El otro día acompañé a un amigo a la estación de tren. Como teníamos tiempo decidimos tomarnos una cerveza en la cafetería que hay en su interior. Regresaba a Madrid, a su trabajo, a la vida que empezó hace unos meses. Él. Yo me quedaba aquí. En mi casa, mi teletrabajo, mi «lo de siempre».

Él se levantó a pedir, y yo me quedé sentada viendo el ir y venir de unos pocos, hasta que llegó un tren y una gran masa llenó la salida de la estación. Nadie es consciente de la cantidad de personas que hay sentada en los vagones hasta que los ve salir. Todos arrastraban su maletas, así que el sonido de las ruedas de las maletas enmudecía la voz femenina que provenía de la megafonía.

Me gusta fantasear con la vida de los viajeros. Si se han ido a disfrutar de un fin de semana alejados de su rutina habitual, si han visitado a algún familiar o amigo, si pisan esta ciudad por primera vez o si es una vuelta a lo de siempre; si guardan para sí historias felices, tristes o de esas en las que nunca reparamos hasta que dejamos de vivirlas.

Nadie se fijó en mí. Estaba sentada en la mesa más escondida, no era importante para ellos.
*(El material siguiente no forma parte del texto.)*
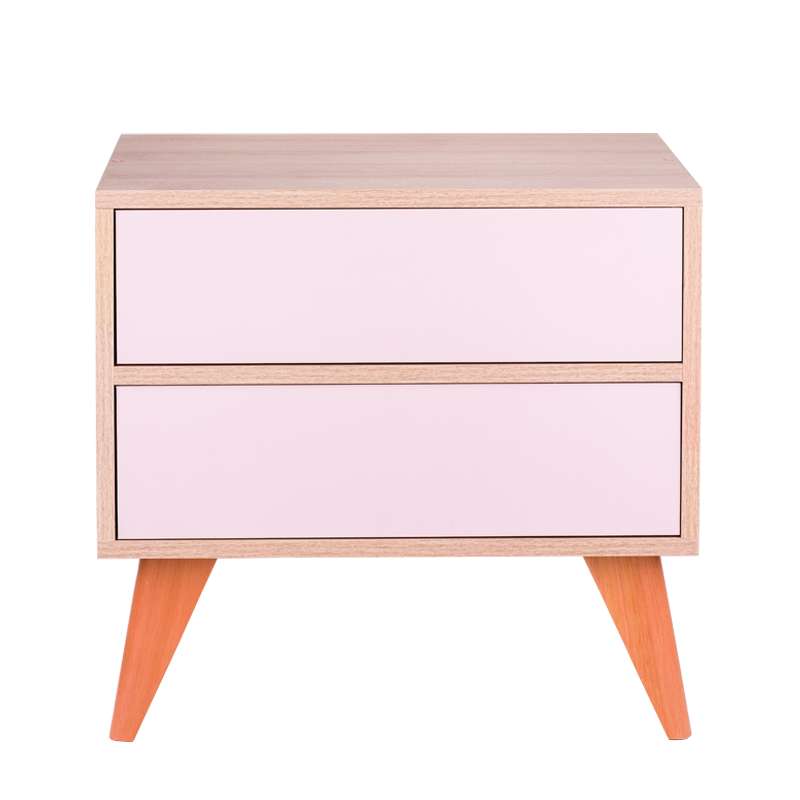Mesa de Cabeceira Retrô Modelo Bréscia na cor Carvalho Treviso (Madeira Clara) e portas Rosa Claro traz organização com estilo para o seu quarto. Possui lindos pés torneados em diagonal.

Podía observarles tranquila con sus mascarillas blancas y negras y azules, ver dibujada en sus rostros ocultos la pesadez del viaje, del domingo, de la idea de la semana que comenzaba.

Ignoro la procedencia del tren, no sé si estuvieron en él dos, cuatro o nueve horas. Seguramente alguno tuvo que hacer transbordo, esperar unos minutos o unas horas en una estación diferente pero igual a las demás. Imagino lo que hacen en ese tiempo: tomarse un café, mirar el móvil, hablar por teléfono, leer una revista o ese libro que siempre reserva para los viajes… Cualquier cosa es posible.
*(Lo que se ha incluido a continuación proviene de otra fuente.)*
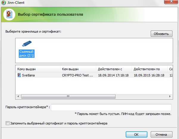 В окне «Выбор сертификата пользователя» выбрать сертификат и нажать кнопку «ОК» (Рисунок 33).

Hay quien dedica sus viajes a hablar con quien tiene sentado al lado, otros duermen, trabajan, leen o miran por la ventana observando un paisaje que dejan atrás demasiado rápido. Los más calculadores compran provisiones en la cafetería para comer mientras ven la película que ponen en esas pequeñas televisiones. Entonces el vagón huele a jamón y queso, a lomo o bacon, bocadillos clásicos a los que todos acuden en los viajes en tren, y también se oye cómo abren sus latas de refrescos o de cerveza, ese pshhh que devuelven a uno a la realidad.

Viajan desconocidos, todos sentados unos junto a otros, ignorándose, solo sacados de su letargo cuando son molestados. Millones de historias se cruzan diariamente en los viajes. Yo me las imaginé todas en aquel rincón de la cafetería.